Tom 20, zeszyt 3 (48) 2018

Poezja epicka

2018 Następne

Data publikacji: 2018

Licencja: CC BY-NC-ND  ikona licencji

Redakcja

Redaktor naczelny Marek Piekarczyk

Sekretarz redakcji Orcid Wojciech Ryczek

Redaktor zeszytu Grażyna Urban-Godziek

Zawartość numeru

Adam Jegorow

Terminus, Tom 20, zeszyt 3 (48) 2018, 2018, s. 283 - 311

https://doi.org/10.4467/20843844TE.18.015.10084

Ars amandi, ars dictandi — Medieval Pseudo-Ars amatoria and Its Didactic Functions at Cracow University

This paper presents the reception of the medieval didactic poem known as Pseudo-Ars amatoria in the environment of Cracow University. The poem, attributed to Ovid, was most probably written in the 12th century. Three of the codices that include the text are stored in the Jagiellonian Library (BJ 2035, 2115, 2233).

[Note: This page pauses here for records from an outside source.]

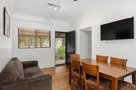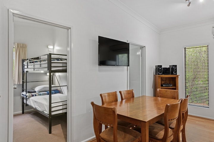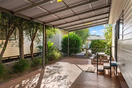 The only accommodation in the park with its own fenced courtyard and double carport, it’s sure to delight families with young children. Enjoy the beautiful weather sitting outside on the lounge or outdoor setting, whilst watching the kids play in a secure setting.
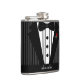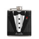 A perfect flask for a perfect wedding day! Purchase a personalised "Black and Grey Pin Striped Tuxedo Flask" for each groomsman in your wedding! A wonderful way to say thank you to your groomsmen or best man! Don't forget one for the groom! A white tuxedo version is available! This classy hip flask shows a black tuxedo with bow tie and maroon rosebud boutonniere on a black and grey pinstriped background. Flasks are available for the bride and her bridesmaids too! To see more great products-Please visit my store "The Hungarican Princess" at www.zazzle.com/hungaricanprincess*. Look in my "Hip Flasks" department category.
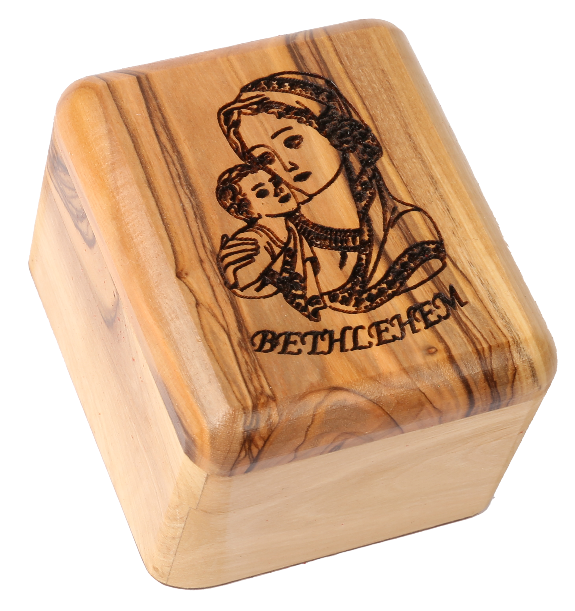 Hand-carved from authentic Jerusalem olive wood, this box features a detailed carving of Mary with Jesus and an engraved "Bethlehem". Perfect for storing rosaries or jewellery, it is a timeless keepsake reflecting Bethlehem's spiritual significance. Size: 7X6 CM
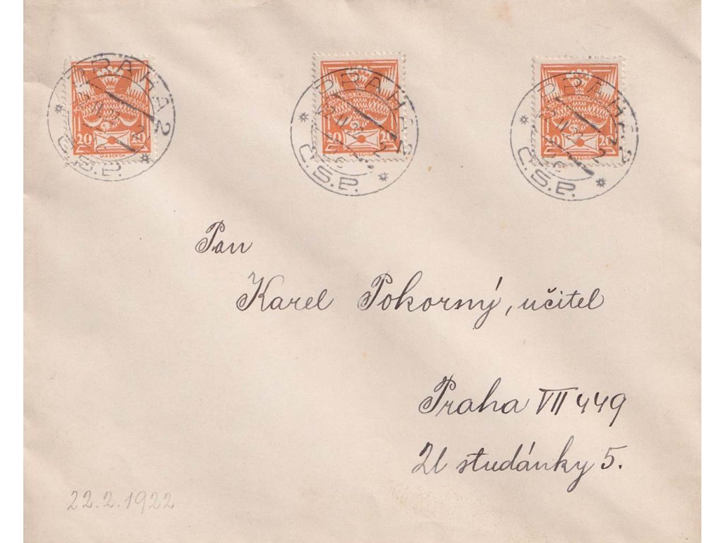 1922, Praha 2 22.2.22-2, oblíbené dvojkové datum, dopis zasl. v Praze

Due to the unquestionable fact that the manuscripts were used in the academia, the purpose of the study is to determine the role that Pseudo-Ars amatoria had in the teaching process at Cracow University.
Previous research was devoted to preparing the text’s critical edition and pointing out the relationship with amour courtois and the oeuvre of Ovid. Considering the assumptions of Jaussian reception theory, the paper reconstructs the spectrum of reading experiences based on manuscript testimonials that refer to the two above  entioned hypotexts. The main part of the study therefore consists of three chapters. The first one discusses the courtly love motifs present in the work. Based the concept of Peter Allen (The Art of Love: Amatory Fiction from Ovid to the ‘Romance of the Rose’), which emphasizes the primary literary dimension of amour courtois, the author stresses the didactic potential of medieval love textbooks. The second chapter is devoted to the medieval reception of Ovid’s Ars amatoria, which is imitated in the anonymous work in question, and the intertextual connections noticeable at the level of structure and subject matter, due to which Pseudo-Ars amatoria was recognized as the work of the ancient poet, and so endowed with auctoritas, characteristic of school texts. In the third chapter, the author supplements the observations concerning the literary context with an analysis of messages found in Cracow manuscripts. He discusses the contents of the codices and their origin in the context of curriculum reforms related to the growing interest of ars dictaminis, proving the usefulness of the medieval poem in the art of writing. He supports his conclusions with comments regarding other codices. The Boncompagno da Signa’s Rota Veneris treaty (BJ 2458) serves as a starting point for the approximation of the basic themes of ars dictaminis, which are then distinguished as the compositional axis of the central part of the poem. In order to document the didactic potential of Pseudo-Ars amatoria, the author refers to information about the ‘lost witnesses’ of the transmission, Jan of Słupca’s codex described by Aleksander Brückner in Medieval Latin Poetry in Poland and the codex of Stanisław Ciołek’s chancellery, presented by Bolesław Ulanowski in Liber formularum ad ius Polonicum necnon canonicum spectantium in codice Regiomontano asservatarum, as well as unpublished marginal notes from BJ 2115.
In summary, there are two primary teaching objectives resulting from reading the work in the Cracow University milieu, which correspond to Peter Allen’s conclusions regarding the exact meaning of the textbooks of courtly love and the main directions of the reception of Ovid’s teaching poems. Pseudo-Ars amatoria was considered a school text, adequate for transmitting the basics of Latin grammar, similar to its ancient model, and, due to the suitable subject matter and applied rhetorical figures, especially useful in explaining the rules of ars dictaminis.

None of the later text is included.